1. Process for the preparation of hydroxyalkyl starch ethers with hydroxyl numbers between 350 to 600 by addition of C ₂ to C ₄ alkylene oxides onto polysaccharides in the presence of preferably alkaline catalysts, characterized in that the total amount of one required for reaction with the starch C ₃ - / C ₄ - alkylene oxide component together with 10 to 60 wt .-% ethylene oxide based on the total amount of alkene oxide is reacted at temperatures of 40 ° C to 80 ° C.

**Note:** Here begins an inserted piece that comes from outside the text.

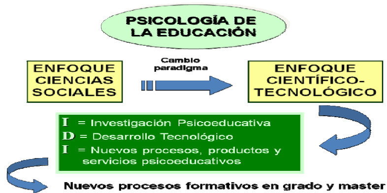
Figura 1. Cambio que debe sufrir la Psicología de la Educación.
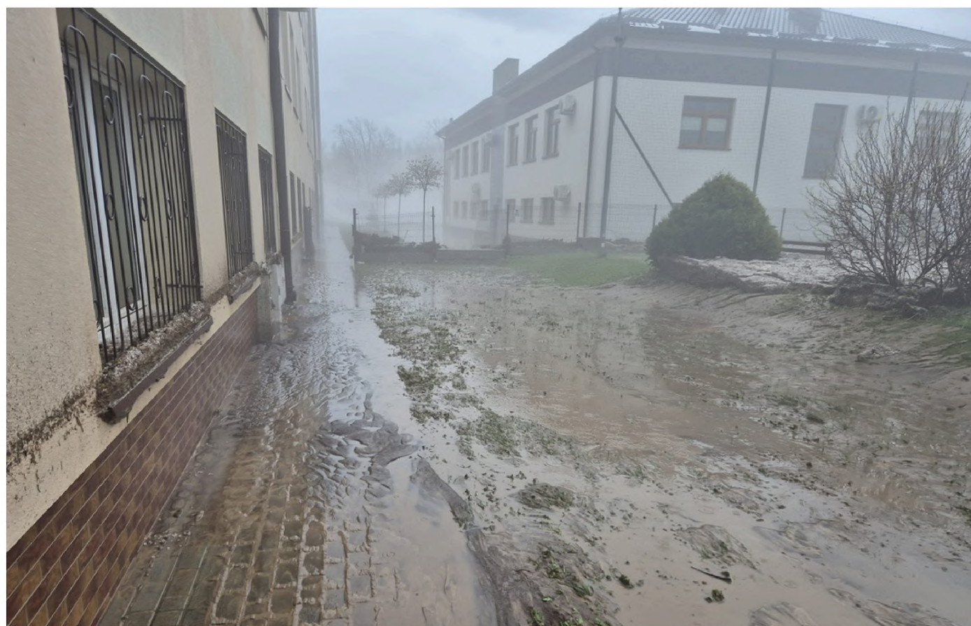
Obraz po przejściu fali powodziowej

2. A process for the preparation of hydroxyalkyl starches according to claim 1, characterized in that the C ₃ - / C -alkylene oxide component is preferably propylene oxide.

3. A process for the preparation of hydroxyalkyl starches according to claims 1 and 2, characterized in that the ethylene oxide content is 25 to 40 wt .-% based on the total alkylene oxide content.

4. A process for the preparation of hydroxyalkyl starches according to claims 1 to 3, characterized in that the reaction takes place at temperatures from 60 ° C to 70 ° C.

5. A process for the preparation of hydroxyalkyl starches according to claims 1 to 4, characterized in that the alkoxylation reaction is carried out in a kneading reactor.

6. A process for the preparation of hydroxyalkyl starches according to claims 1 to 5, characterized in that native starch is used as the polysaccharide, regardless of its ratio of amylose and amylopectin content and its modification, or flour.